Para ello, y tal y como han explicado, el proyecto contempla que entre toda la ciudadanía se costee su puesta en marcha con aportaciones iniciales públicas, incrementando las desgravaciones fiscales y con descuentos a las empresas en las cotizaciones a la Seguridad Social, hasta de 400 euros anuales.
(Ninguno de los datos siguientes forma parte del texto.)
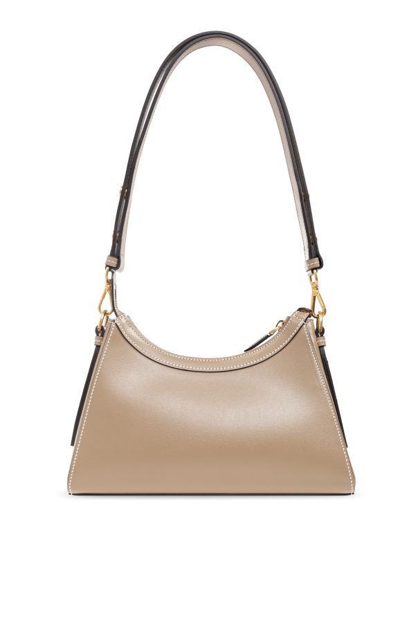Introducing the epitome of sophistication and luxury, the Balmain Shoulder Bag. Crafted with the utmost precision, this exquisite piece is rendered in a lustrous brown hue, imbued with a subtle sheen that elevates its elegance. The material, a premium quality 100% Calfskin Leather, speaks volumes of its luxurious lineage, complemented by meticulous stitching and a smooth texture that testify to its impeccable craftsmanship. The front flap of the bag proudly displays the iconic gold \"B\" logo, underscored by the \"BALMAIN\" inscription, a hallmark of the esteemed fashion house. Gold metal accents, including zippers and buckles, not only serve as decorative flourishes but also enhance functionality, securing belongings with a zip closure. The bag\'s long, adjustable strap, adorned with gold carabiners, allows for versatile shoulder wear, adding a touch of elegance and practicality. The interior reveals a thoughtfully organized space, featuring compartments for easy storage of essentials. Its semi-circular shape with a flat bottom presents a unique and contemporary design, while white contrasting stitches accentuate its shape and structure, adding character and a distinctive appeal. Why Purchase This Product? Exclusivity and prestige of the Balmain brand Luxurious 100% Calfskin Leather construction Elegant design with functional gold metal accents Secure zip closure and well-organized interior Adjustable strap for versatile wearing options Unique semi-circular shape with distinctive stitching details

Además, se entregará una parte de las aportaciones sociales, a un sistema privado «individualista de capitalización, que cubrirá sólo a las personas que en su vida laboral han podido hacer aportaciones, y dejará fuera a amplias capas de población más desfavorecidas, con empleos en sectores más precarizados o empobrecidos, mujeres muy especialmente.

 

A juicio de estos colectivos, los planes privados de empleo o empresa que hay funcionando desde hace años, han demostrado «una gran incertidumbre y su escasa rentabilidad», al estar sometidos a los vaivenes de los mercados financieros en los que se invierten; de ahí, su estancamiento en cuanto a nuevas suscripciones en los últimos años. Sin embargo, han añadido, «se vende el atractivo de que se conseguirá un complemento a la pensión pública, ocultando que al descontar de la base de cotización las aportaciones que se hagan a estos planes de empleo, la pensión pública será menor en el momento de calcularla para la jubilación» han criticado.

 

Los pensionistas han afirmado también que estos planes de pensiones de empleo, que no garantizan la recuperación de la inversión y aún menos su rentabilidad, supondrán el inicio de la privatización del Sistema Público de Pensiones, debilitándolo y poniéndolo en peligro, beneficiando únicamente a las grandes entidades financieras privadas, que verán aumentar su negocio en miles de millones de euros.

 

Por tanto, y tal y como han acordado en su comunicado conjunto un Proyecto de Ley de esta importancia no debe ser tramitado con carácter de urgencia, ya que requiere un debate social donde «se cuente la verdad a la ciudadanía, sin amenazas, chantajes ni urgencias parlamentarias».

 

Por todo ello, exigen al Gobierno y al resto de partidos que no apoyen este proyecto de ley porque el actual Gobierno pretende convertir el derecho a las pensiones dignas (artículo 50 de la Constitución Española) en «un negocio privado».